PML affects up to 8% of patients with AIDS and has a dismal prognosis with a median
survival of less than 6 months. Existing treatment options have not been effective. A
retrospective analysis was conducted for 29 patients (25 men) with histologically or PCR
confirmed PML. The mean age was 39 years. Median CD4 count was 40 and 6 patients had CD4s
>200. Fourteen patients never received or stopped therapy following diagnosis (group
A), 10 were treated with nucleosides alone (group B), and 5 were started with HAART
including a protease inhibitor (group C).
Median survival for the groups were - 123 days for group A and 127 days for group B. Clearly, the superior response was >403 days for group C. Four out of 5 patients taking HAART are still alive and progressing less rapidly or have experienced some improvement of their symptoms.

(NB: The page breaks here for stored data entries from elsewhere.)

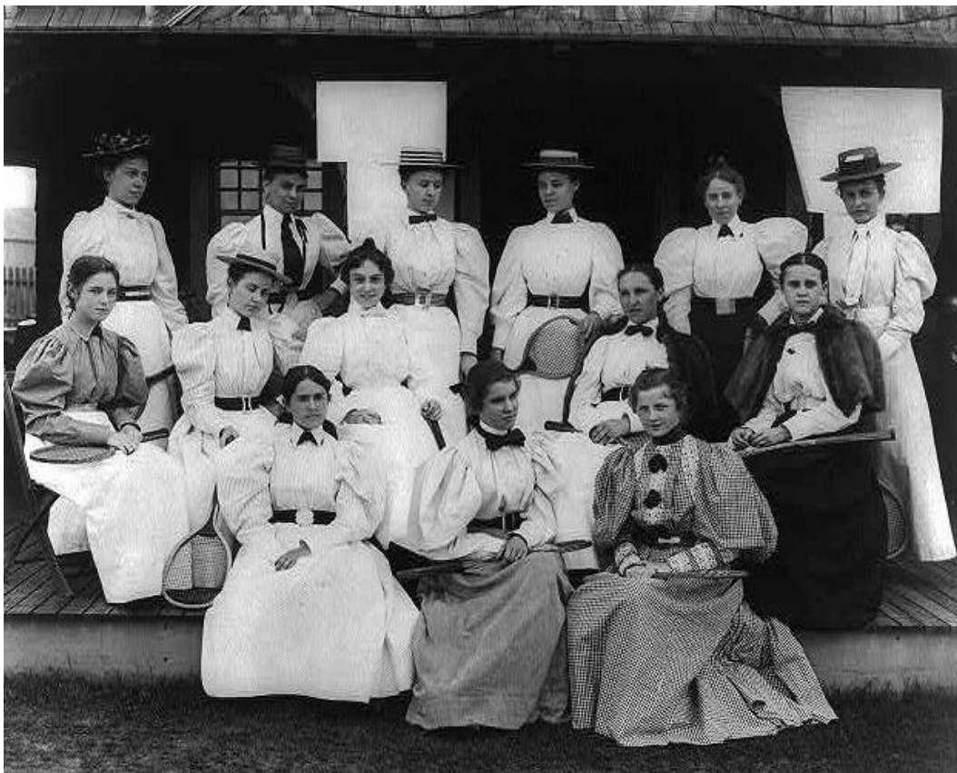
Kuva 10: Amerikkalaisia kansainvälisen tason tennispelaajia vuonna 1895.
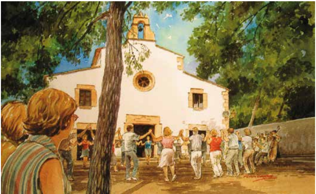
El món dels artistes, com ha fet l'aquarel·lista Fermí Carré, ens reflecteix l'esperit serè, harmònic i primaveral de moltes sardanes.
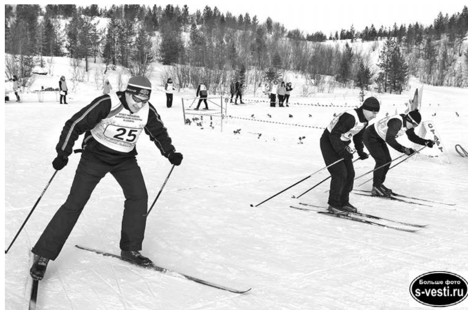
Явка на спартакиаду оставляла желать лучшего. Зато зачет по лыжам сдали все.

Наталья МОРОЗОВА.
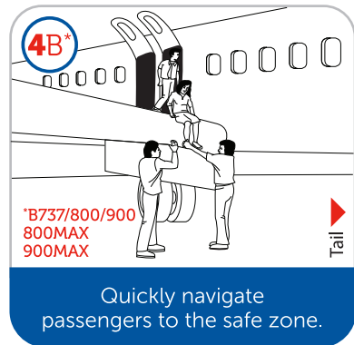
Quickly navigate passengers to the safe zone.
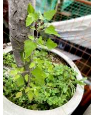
シロザ 230827 撮影 林耕太

チチコグサモドキ 1 ナガエコミカンソウ 3 ヒメジョオン 2 ヒメムカシヨモギ 2,3 ヘクソカズラ 1 マメガンバイナズナ 3 ヨウシュヤマゴボウ 2 ヨモギ 1
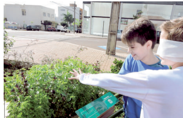
Visita incluiu passeio pelo Jardim Sensorial do Centro Cultural
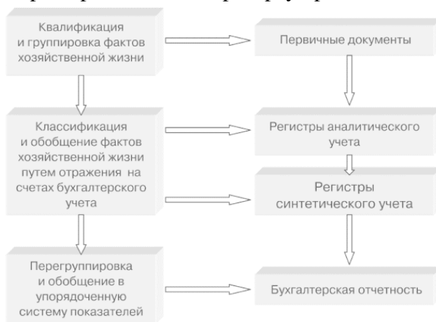
Рис. 1. Этапы обобщения учетной информации

Отличительной чертой бухгалтерской отчетности является балансовый принцип взаимосвязи ее показателей. Этот принцип вытекает из двойной записи данных на счетах, показатели которых составляют основу отчетности. Из этого следует, что бухгалтерская отчетность – это упорядоченная взаимосвязанная система показателей, характеризующих условия и результаты хозяйственной деятельности. Балансовый принцип построения бухгалтерской отчетности усиливает ее комплексный характер и облегчает проверку правильности отчетности.
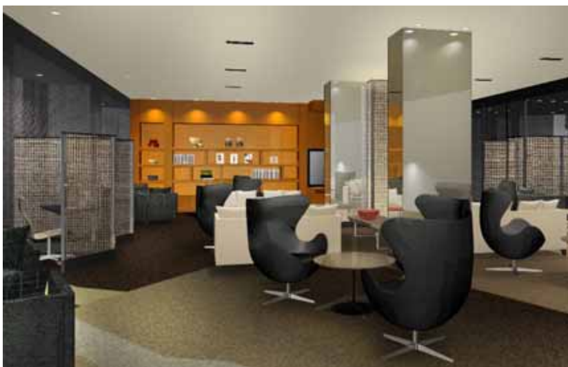
クラブラウンジ内のライブラリーエリア (イメージ) モダン感覚であっても、居住性に富んでいる。
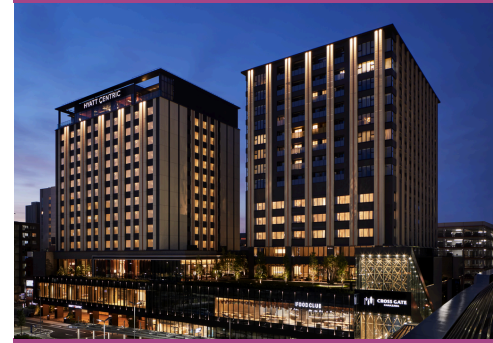
Hyatt Centric Kanazawa
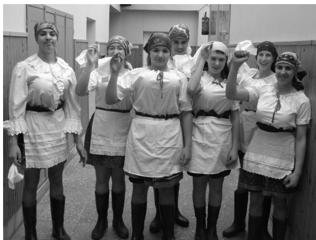
Nagy sikere volt ebben az esztendőben is az iskolai farsangnak. Vidám képünk is ezt igazolja!
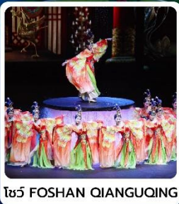
โชว์ FOSHAN QIANGUING
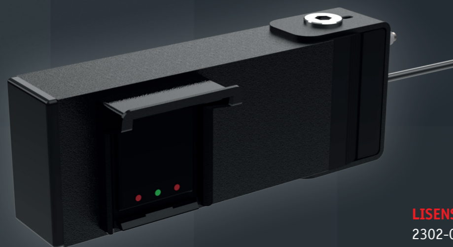
LISENS scan SUC3-1240E * 2302-0311
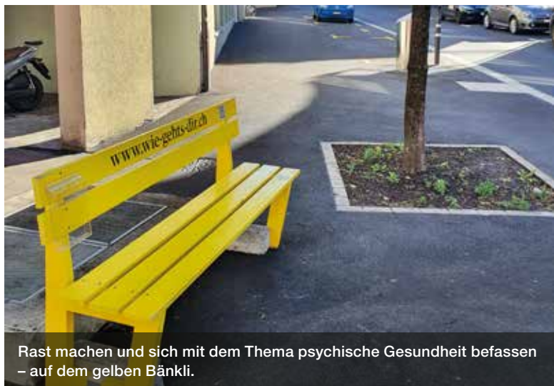
Rast machen und sich mit dem Thema psychische Gesundheit befassen – auf dem gelben Bänkli.

«Wie geht's dir?», fragt uns seit dem Frühjahr 2023 ein knallgelbes Bänkli im Gangynerweg. Es lohnt sich, bei einer kleinen Ruhepause auf der Bank innezuhalten und dieser durchaus ernst gemeinten Frage nachzugehen. | TEXT/BILD: HEIKE KUHN
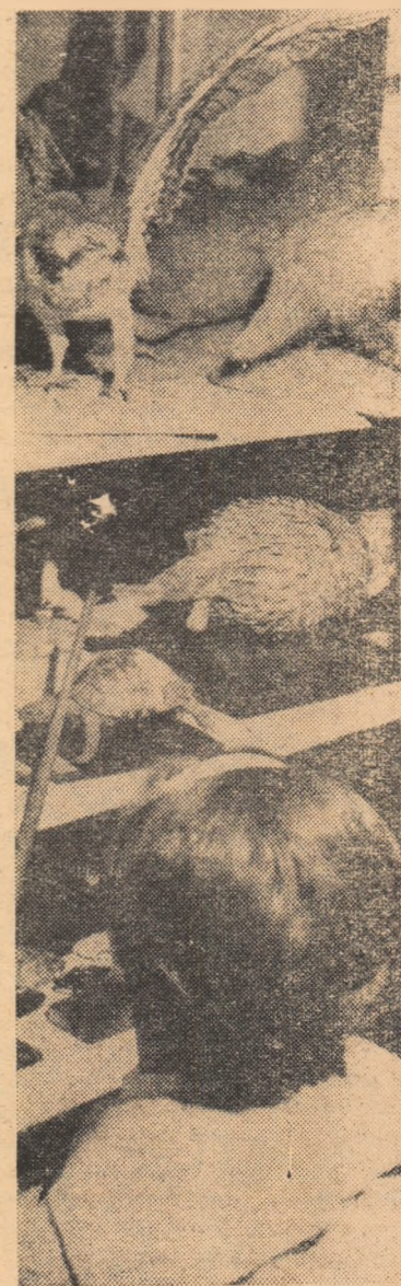
Datorită materialului intuitiv bogat folosit în cursul predării, lecțiile de științe naturale desfășurate la Școala medie nr. 1 din Beiuș sînt urmărite cu viu interes de către elevi.

Decrease of Intestinal Cryptosporidiosis Concomitant to Use of Protease Inhibitors (abstract I-38). A group of investigators from France reported a decrease in the incidence of reported cases of patients with stool specimens positive for Cryptosporidium parvum from January 95 to December 96 in 10 participating centers. The number of postive stools declined from a median of 23/month in May 96 to 19/mo in June 96, 14/mo in July 96, and stabilized at 8/mo from August to December 96. This reduced prevalence occurred as protease inhibitors began being prescribed in France at the end of March 96. In the last term of 1996, about 56% of patients with <200 CD4 were receiving protease inhibitor therapy.